Copmaring various hashing algorithms using the two different executors we can see that hrtime is much more nuanced.

+-------------------+-------------------+-------------------+-------------------+--------------------+
|                   | time (kde mode)                       | memory                                 |
+-------------------+-------------------+-------------------+-------------------+--------------------+
| subject           | Tag: hrtime1revs  | Tag: hrtimenorevs | Tag: hrtime1revs  | Tag: hrtimenorevs  |
+-------------------+-------------------+-------------------+-------------------+--------------------+
| benchAlgos (0,0)  | 2.552μs (±4.48%)  | 2.284μs (±5.07%)  | 1.549mb           | 1.549mb            |
| benchAlgos (1,0)  | 1.815μs (±5.94%)  | 1.747μs (±4.50%)  |                   |                    |
| benchAlgos (2,0)  | 2.795μs (±4.51%)  | 2.539μs (±3.42%)  |                   |                    |
| benchAlgos (3,0)  | 2.930μs (±4.04%)  | 2.568μs (±5.29%)  |                   |                    |
| benchAlgos (4,0)  | 2.681μs (±5.81%)  | 3.044μs (±4.00%)  |                   |                    |
| benchAlgos (5,0)  | 3.081μs (±4.69%)  | 2.754μs (±4.19%)  |                   |                    |
| benchAlgos (6,0)  | 3.460μs (±5.86%)  | 2.630μs (±5.23%)  |                   |                    |
| benchAlgos (7,0)  | 2.763μs (±6.44%)  | 2.965μs (±5.17%)  |                   |                    |
| benchAlgos (8,0)  | 3.428μs (±2.70%)  | 2.687μs (±4.49%)  |                   |                    |
| benchAlgos (9,0)  | 7.510μs (±3.75%)  | 7.182μs (±4.52%)  |                   |                    |
| benchAlgos (10,0) | 7.343μs (±3.15%)  | 7.275μs (±4.62%)  |                   |                    |
| benchAlgos (11,0) | 7.662μs (±4.96%)  | 7.147μs (±4.09%)  |                   |                    |
| benchAlgos (12,0) | 7.539μs (±3.53%)  | 6.952μs (±2.64%)  |                   |                    |
| benchAlgos (13,0) | 2.220μs (±5.38%)  | 2.468μs (±6.81%)  |                   |                    |
| benchAlgos (14,0) | 2.764μs (±4.65%)  | 2.343μs (±4.24%)  |                   |                    |
| benchAlgos (15,0) | 3.024μs (±4.00%)  | 2.420μs (±8.11%)  |                   |                    |
| benchAlgos (16,0) | 2.585μs (±7.13%)  | 2.514μs (±4.58%)  |                   |                    |

With both a single loop and no loop we see huge increase in time.

Conclusions

As expected hrtime offers increased precision at extremely short intervals.

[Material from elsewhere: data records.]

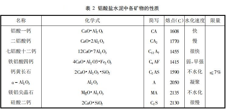 鋁酸鹽水泥的結(jié)合性能主要是由于鋁酸鈣的水化而實現(xiàn)的。水泥的化學(xué)成分不同,其礦物的成是不同的。在鋁酸鹽水泥中,可能出現(xiàn)的礦物及其耐火性能與水化性能如表2所示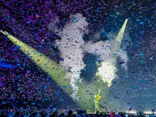 JIN眨着眼睛,比出“和平”的手势,展现出可爱的魅力。在五彩纸屑中,JIN站在聚光灯下的形象,传达着当时热烈的瞬间。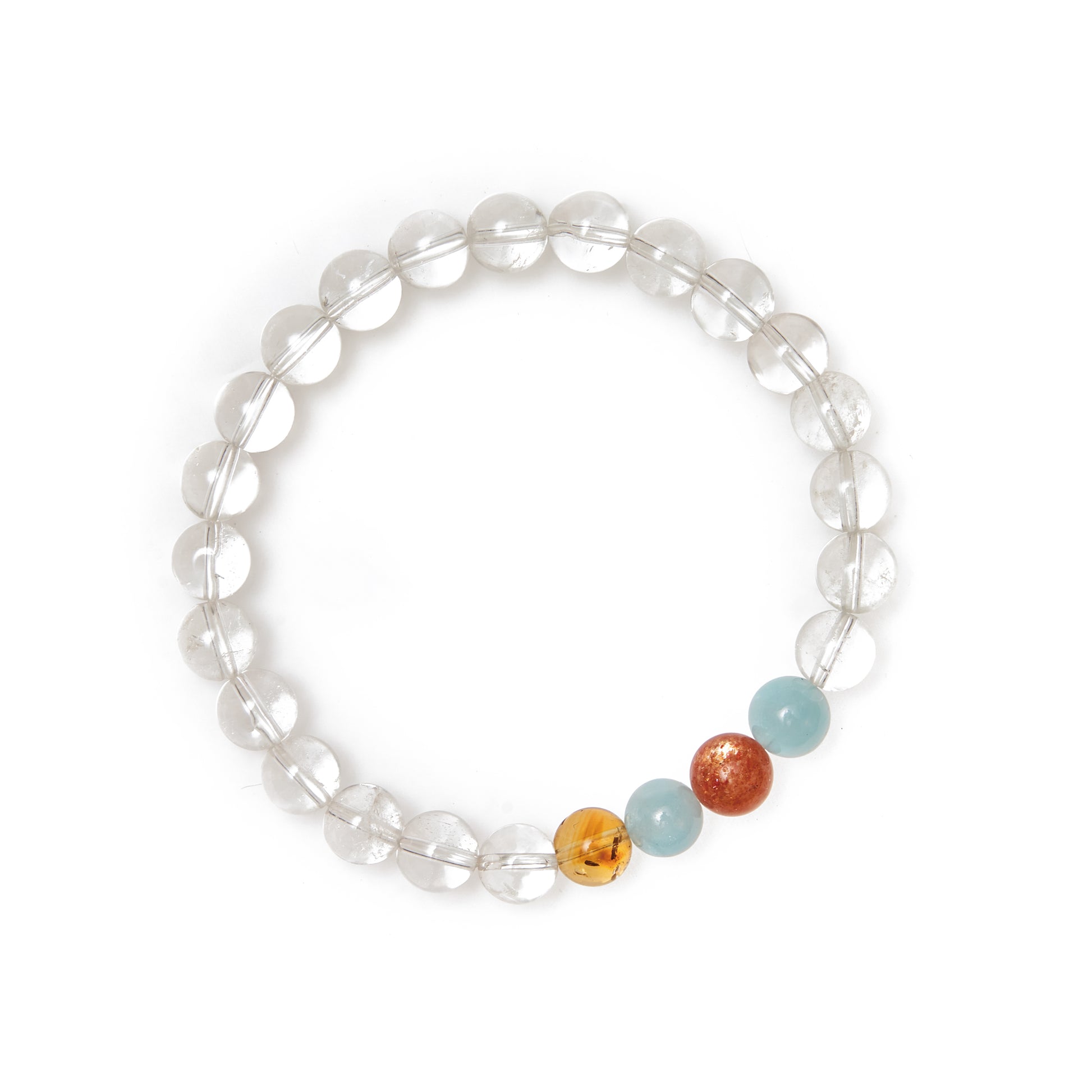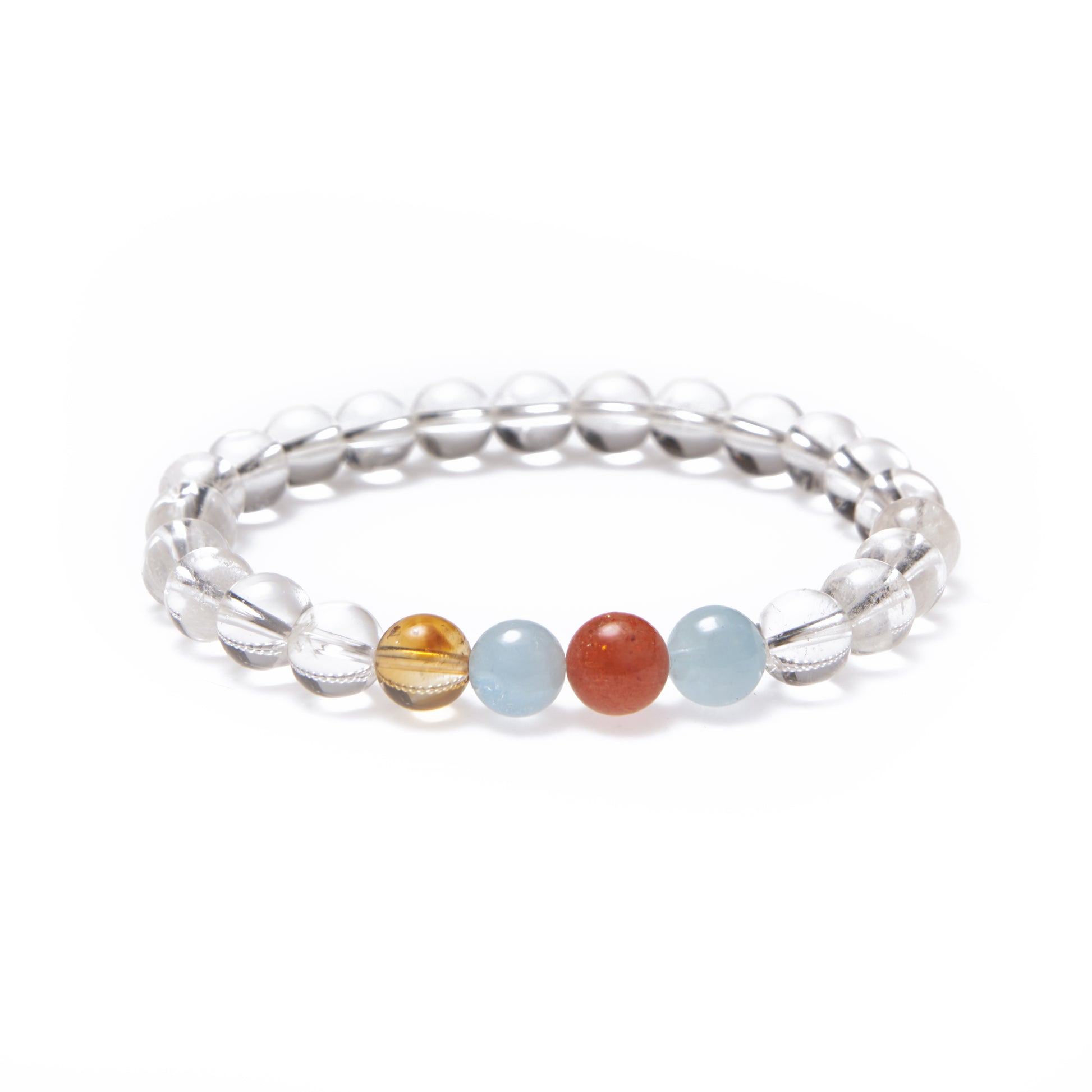 Who doesn’t love white cats? This bracelet is for them—celebrating their strikingly unique eyes, it features 8mm white quartz, one yellow tower gold bead, two aquamarine beads, and a single garnet.

Executing the subject repeatedly in a loop, however, normalizes the precision between microtime and hrtime.

But this post questions if, with the introduction of hrtime it would not be sensible to offer an option to run without the a loop, i.e. hrtime(); subject(); hrtime() without the overhead of the loop and without the possibity of PHP optimizing the code and therefore giving a potentially misleading report.

It would seem sensible to:

  • Refactor PHPBench to work with nanoseconds.
  • Introduce a hrtime executor.
  • Provide an explicit option to remove the loop (e.g. @Revs(0)).